January 18, 2013

It’s Getting Harder to Say Goodbye: NLRB Limits Construction Industry Employers' Contract Expiration Withdrawal Rights from Multi-Employer Association

Holland & Knight Alert
Howard Sokol

The National Labor Relations Act (NLRA or Act) allows employers, including those in the construction industry, to join together to bargain with a union. This is called "multi-employer bargaining." But there are specific rules and requirements that an employer must follow in order to remove itself from multi-employer bargaining and avoid being bound by the next collective bargaining agreement negotiated by the multi-employer group. Failure to follow these rules means that an employer will continue to be bound by the contract resulting from multi-employer bargaining — whether it wants to or not.

In a decision issued late last year, the National Labor Relations Board (Board or NLRB) made it even more difficult for a construction industry employer to leave a multi-employer bargaining group. Previously, and for almost 20 years, a union seeking to keep a construction industry employer in a multi-employer group and bind it to a new contract had to show that the employer affirmatively demonstrated to the union its intention to be bound by the new contract. Now it appears that the NLRB will bind a construction industry employer to the multi-employer agreement if it failed to follow the multi-employer association’s rules for withdrawing from multi-employer bargaining — even if the employer did not give the union any indication it intended to be bound by a new contract. Carr Finishing Specialties, Inc., 358 NLRB No. 165 (2012).

As a result, in 2013 and going forward, construction employers considering whether and how to join or withdraw from multi-employer bargaining associations should pay careful attention to Carr Finishing as they make their strategic business and employment-related decisions.

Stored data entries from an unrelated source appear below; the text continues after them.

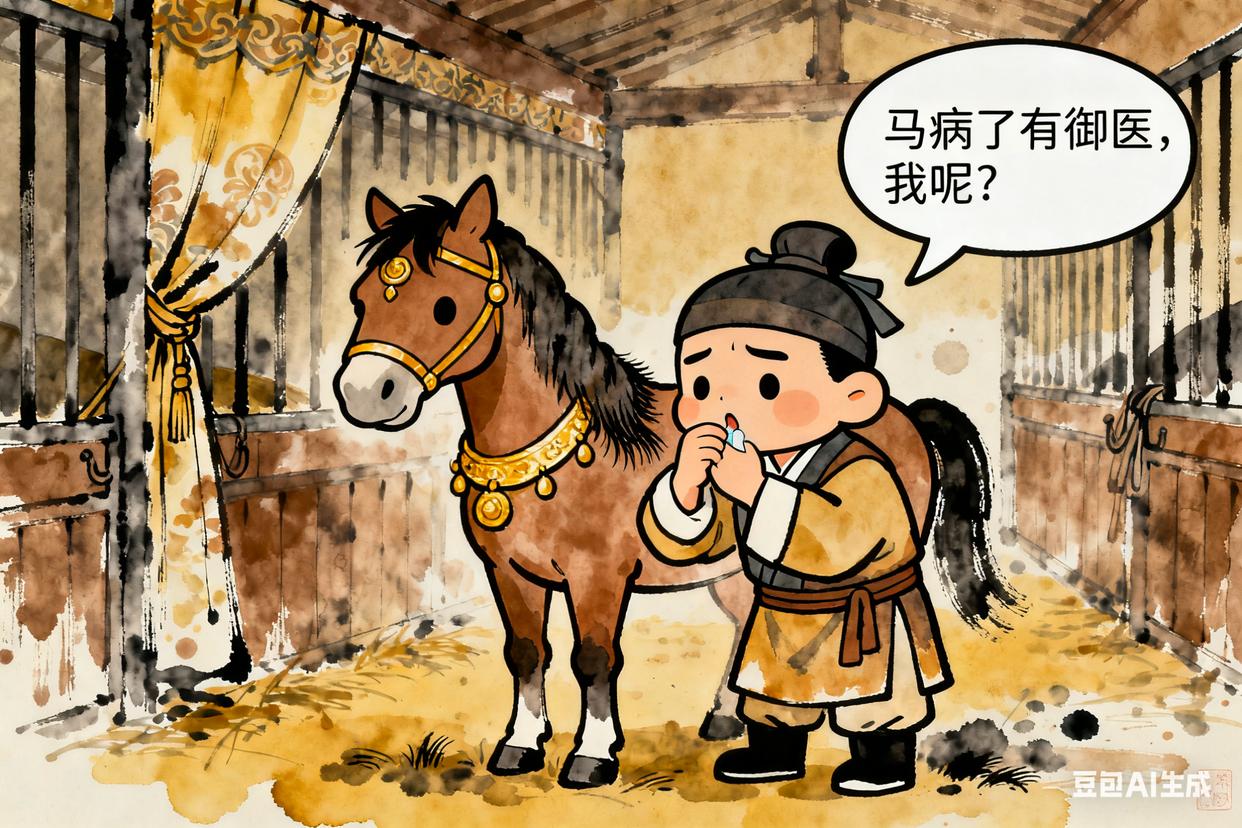 故事:他负责养杨贵妃的“舞马”,马比人精贵,他病了没人管,马病了御医来看。
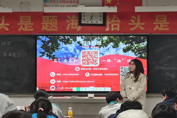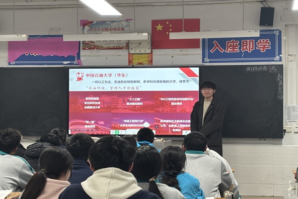 活动伊始,宣讲人以“初识石大”为切入点,通过航拍画面与风景展示,介绍学校依山傍水的地理位置与优美的校园环境,并详细讲解学校的办学历史、学科布局与科研平台。随后,宣讲团从“求学石大”“卓越未来”“多彩生活”三个维度,全方位解读学校的优势学科实力与育人特色,重点介绍电气工程及其自动化等优势专业的培养目标与就业前景,展示丰富的社团活动、科创竞赛与实践资源,并详细解读学校“三三三”本科培养体系、宽松的转专业政策、高就业率与高推免比例等核心优势,让学生们对大学生活有更为立体的认知。宣讲团还结合当前全球能源格局深刻调整、地缘政治博弈加剧的背景,围绕能源安全与绿色转型这一国家战略核心,讲解学校如何立足国家重大需求,聚焦油气勘探开发、能源储运等关键领域,为国家能源自主可控提供技术与人才支撑,让学子全面感知石大的战略地位与发展前景。
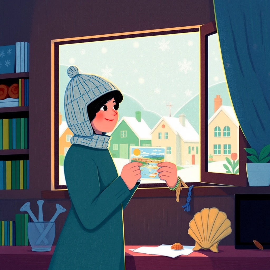 When the day came to leave, [Zara](6YLQ7XSQ) waved goodbye to the ocean and whispered, 'Goodbye, sunshine!' As their plane soared through the skies, [Zara](6YLQ7XSQ) imagined Canada just like she had seen in postcards—fluffy snow, giggling kids making snowmen, and cozy cottages where people sipped hot chocolate by the fire.
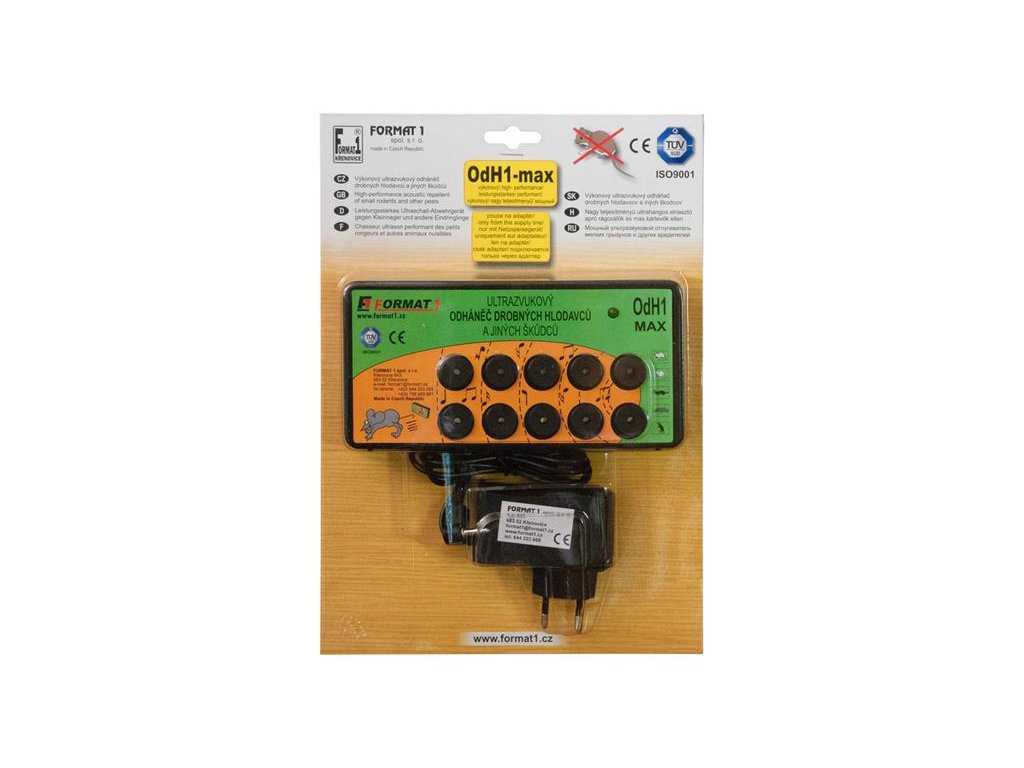 Zvukově-ultrazvukový elektronický odháněč myší, kun, krys, lasiček a potkanů. Jedná se o ryze český produkt s dlouholetou tradicí na trhu (od r. 1991) vyráběný přímo u nás ve firmě FORMAT1 spol. s r. o. Spolehlivý, výkonný, za dobu více jak 29 let ověřený mnoha zákazníky. Neškodný jak pro člověka a domácí hospodářská zvířata.Přístroj vytváří pro škůdce nepříjemné zvukové prostředí (v oblasti hranice slyšitelného zvuku a ultrazvuku), škůdci postupně opustí chráněný prostor. Přístroj je tedy naprosto humánní, nezabíjí zvířata, neškodí jim, pouze jim znepříjemní pobyt v chráněném prostoru, tedy je odhání. Nevyužívá žádných chemických přísad.
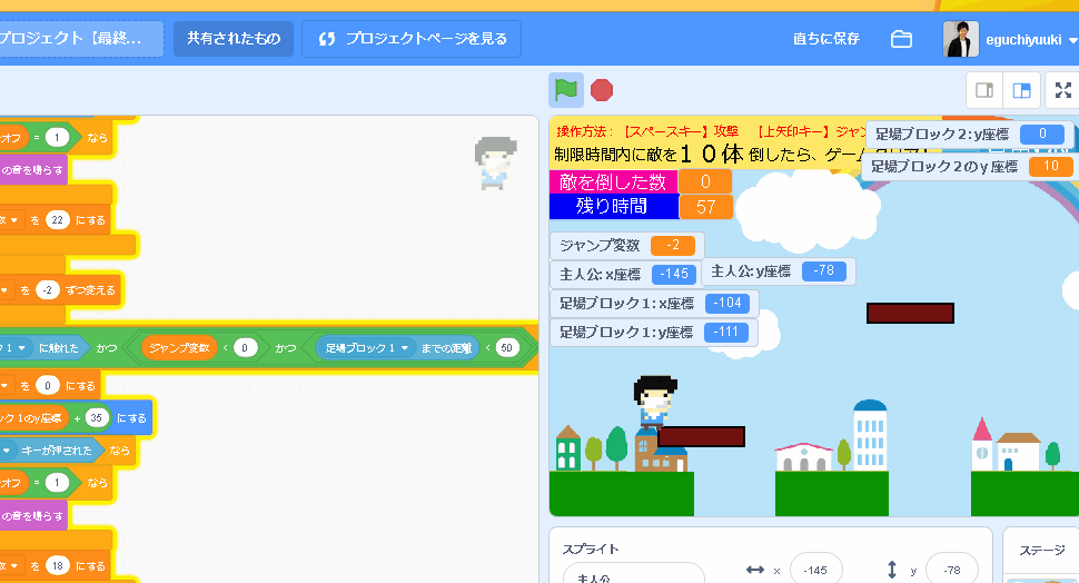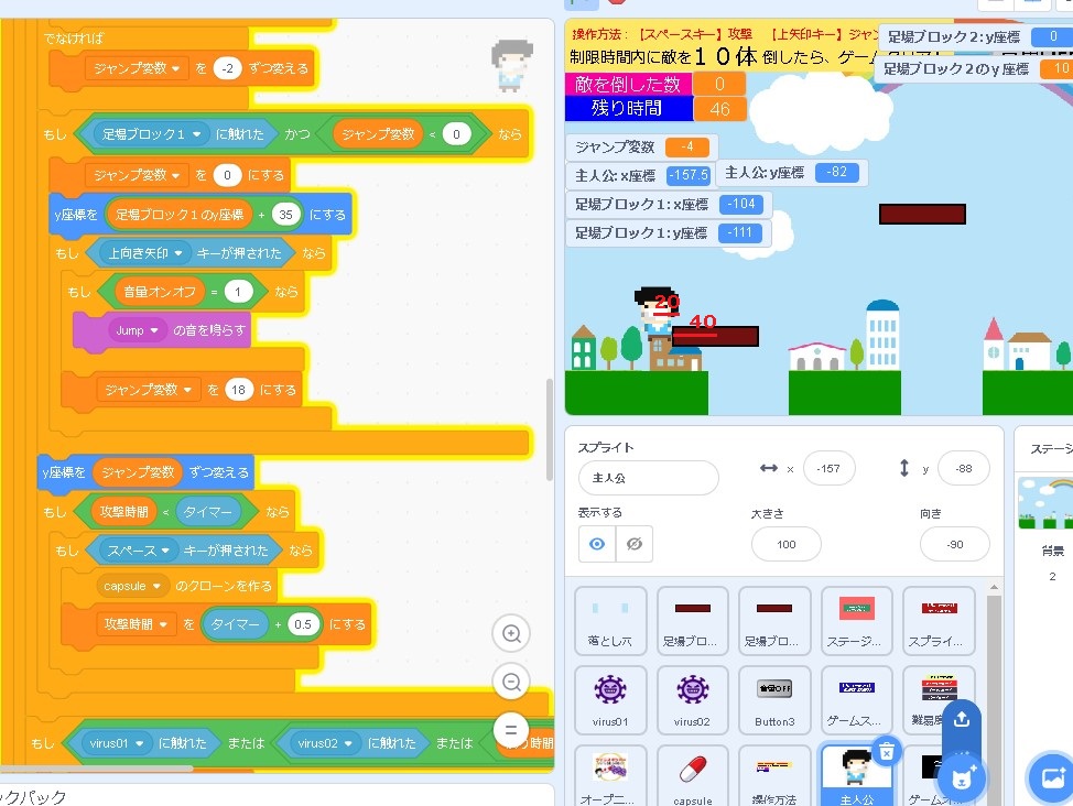 あとは、スペースキー押しっぱなしで、ブロックの下から2段ジャンプのような現象が起きないように、y座標の位置で調整をしてみます。

Employer Repudiation of Union Relationships in Construction Industry

Section 8(f) of the NLRA gives construction industry employers a unique exception to the standard election procedures and requirements under section 9(a) of the Act. Outside the construction industry, unions receive recognition under section 9(a) only by either: (1) establishing majority status representation of employees through a secret ballot election conducted by the Board, or (2) through voluntary recognition by the employer. The section 8(f) exception, however, recognizes the special predicament of construction employers, which typically do not have permanent workforces, need to be able to predict their labor costs when submitting bids on contracts, and rely upon the local unions as their source of labor. Accordingly, construction employers are permitted to recognize and enter into collective bargaining agreements with construction industry unions even before they hire any employees, and without any expression of union support by the employees.

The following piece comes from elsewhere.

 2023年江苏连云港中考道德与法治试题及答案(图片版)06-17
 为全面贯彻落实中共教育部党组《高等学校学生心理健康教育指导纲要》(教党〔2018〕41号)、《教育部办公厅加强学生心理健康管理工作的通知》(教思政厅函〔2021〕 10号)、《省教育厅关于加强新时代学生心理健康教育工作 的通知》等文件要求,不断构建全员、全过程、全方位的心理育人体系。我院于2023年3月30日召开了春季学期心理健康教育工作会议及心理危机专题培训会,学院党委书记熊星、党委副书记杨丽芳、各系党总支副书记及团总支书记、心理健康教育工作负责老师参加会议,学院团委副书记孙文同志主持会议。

While neither party to such an 8(f) "pre-hire" agreement may repudiate the agreement during its term, once a pre-hire agreement expires, and unlike in the section 9(a) context,1 either side is then free to repudiate the relationship and refuse to continue to honor the expired agreement. The employer may even refuse to recognize the union in the absence of the union’s demonstrated majority status.

In addition to being able to enter Section 8(f) "prehire" agreements, construction industry employers can also band together with other employers to engage in multi-employer bargaining. The intersection of the right to repudiate a "pre-hire" contract and the rules for exiting a multi-employer bargaining group can create problems for employers, as the Carr Finishing decision demonstrates.

Prior Precedent Favored Allowing Single Employer Withdrawal from Multi-Employer Negotiations

The Board’s rules for withdrawal from multi-employer associations has evolved. It established the rules on which an employer outside the construction industry can withdraw from participation in a multi-employer bargaining association in the Section 9(a) context in Retail Associates, Inc., 120 NLRB 388 (1958). Under Retail Associates, an employer outside the construction industry that was previously part of a multi-employer bargaining association must affirmatively demonstrate its intention to withdraw from the multi-employer association before multi-employer bargaining starts; an employer that remains silent before and during multiemployer bargaining will be bound to the next agreement negotiated by the multiemployer association.

In its 1994 decision in James Luterbach Construction Co., 315 NLRB 976 (1994), the Board addressed withdrawal from a multi-employer association by a construction industry employer subject to a pre-hire agreement. It ruled that because a single 8(f) employer may automatically repudiate the agreement and its relationship with the union, once its pre-hire agreement with a union expires, an employer participating in a multiemployer association must also demonstrate some "affirmative action" illustrating its intention to be bound to the association’s bargaining efforts, in order to be found to be bound to any successor agreement.  

Thus, in Luterbach, the Board formalized this distinction with its two-part test. The first prong (like the test for 9(a) employers) asks whether the employer was part of the multiemployer association prior to the dispute at issue. If that answer is yes, prong two then asks whether "the employer has, by a distinct affirmative action, recommitted to the union that it will be bound" by the upcoming or current multiemployer negotiations. Luterbach strongly implies that only where the second prong is also answered in the affirmative will a single employer in the construction industry then be bound to a successor multiemployer agreement.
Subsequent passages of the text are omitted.